*This notebook was created by Jean de Dieu Nyandwi for the love of machine learning community. For any feedback, errors or suggestion, he can be reached on email (johnjw7084 at gmail dot com), Twitter, or LinkedIn.*

# Intro to Scikit-Learn for Shallow Machine Learning¶

Scikit-Learn (aka sklearn) is a simple, beautifull and well designed machine learning library.

Scikit-Learn provides various learning algorithms. Using them is as simple as filling a cup of coffee.

Beyond learning algorithms, the library also provides data processing functions which are also very simple to use. In addition to those processing functions, Scikit-Learn offers other functions such as pipelines, model tuning, and much more.

To learn more about Scikit-Learn, check out its website. It's to navigate and you will immediately see how well designed it is.

To practice how simple Scikit-Learn is, let's build a simple linear regressor. Our goal is to fit a line.
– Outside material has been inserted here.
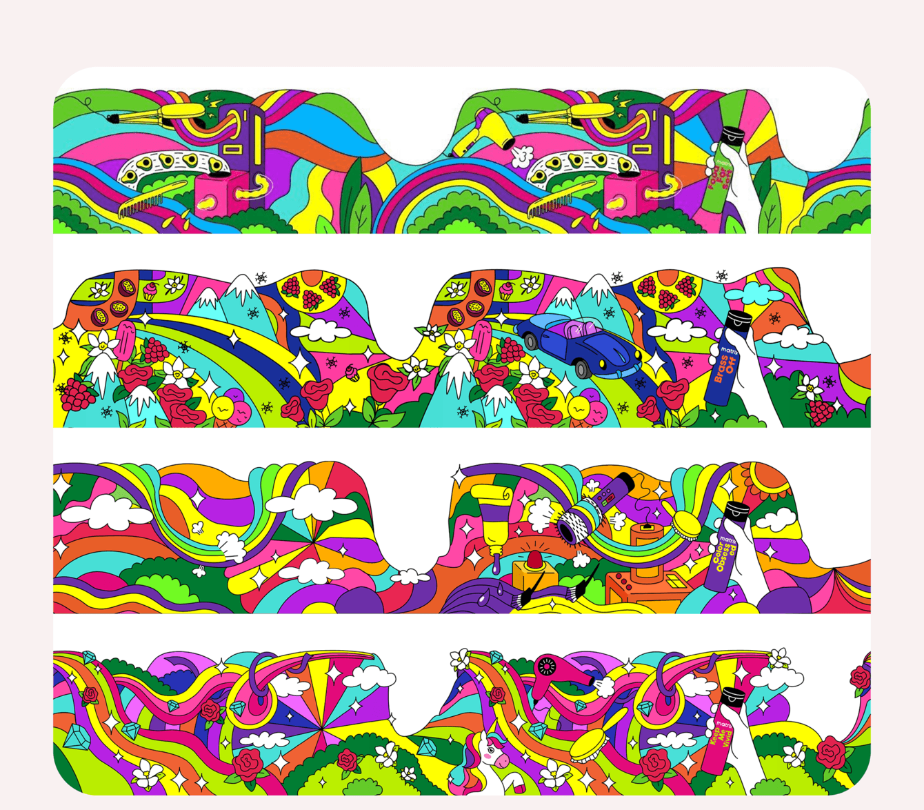 Фронтальные иллюстрации было решено дополнить круговым принтом. Река цвета растекается по всей поверхности коробки, объединяя все элементы в цельную композициию. Круговые иллюстрации стали отличным дополнением к общему дизайну коробки.

We will start with imports, in this case, we will import `Linear Regressor`

from sklearn linear models. We will also imports `NumPy`

which we will use to create our sample data and `Matplotlib`

to plot the created data.

```
from sklearn.linear_model import LinearRegression
import numpy as np
import matplotlib.pyplot as plt
```

After we have imported Linear Regressor, we will create our data. It's a numpy array, `X`

and `y`

. If you are too quick to crunch the numbers, you are going to see that the X and y represent a linear equation `y=2X+1`

.

```
X = np.array([[1.0],[2.0],[3.0],[4.0],[5.0],[6.0],[7.0],[8.0]], dtype='float')
y = np.array([[3.0],[5.0],[7.0],[9.0],[11.0],[13.0],[15.0],[17.0]], dtype='float')
```

Like we said, here is the relationship between X and y. It is a line.

```
plt.plot(X,y)
```

[<matplotlib.lines.Line2D at 0x7f98e7294490>]

Now that we have created the data, it's time to create a model.

```
model = LinearRegression()
```

That was simple. Next, we are going to train the model. Using `fit`

method, we are going to pass the input data `X`

and output data `y`

. `y`

is also referred to as a label.

```
model.fit(X, y)
```

LinearRegression(copy_X=True, fit_intercept=True, n_jobs=None, normalize=False)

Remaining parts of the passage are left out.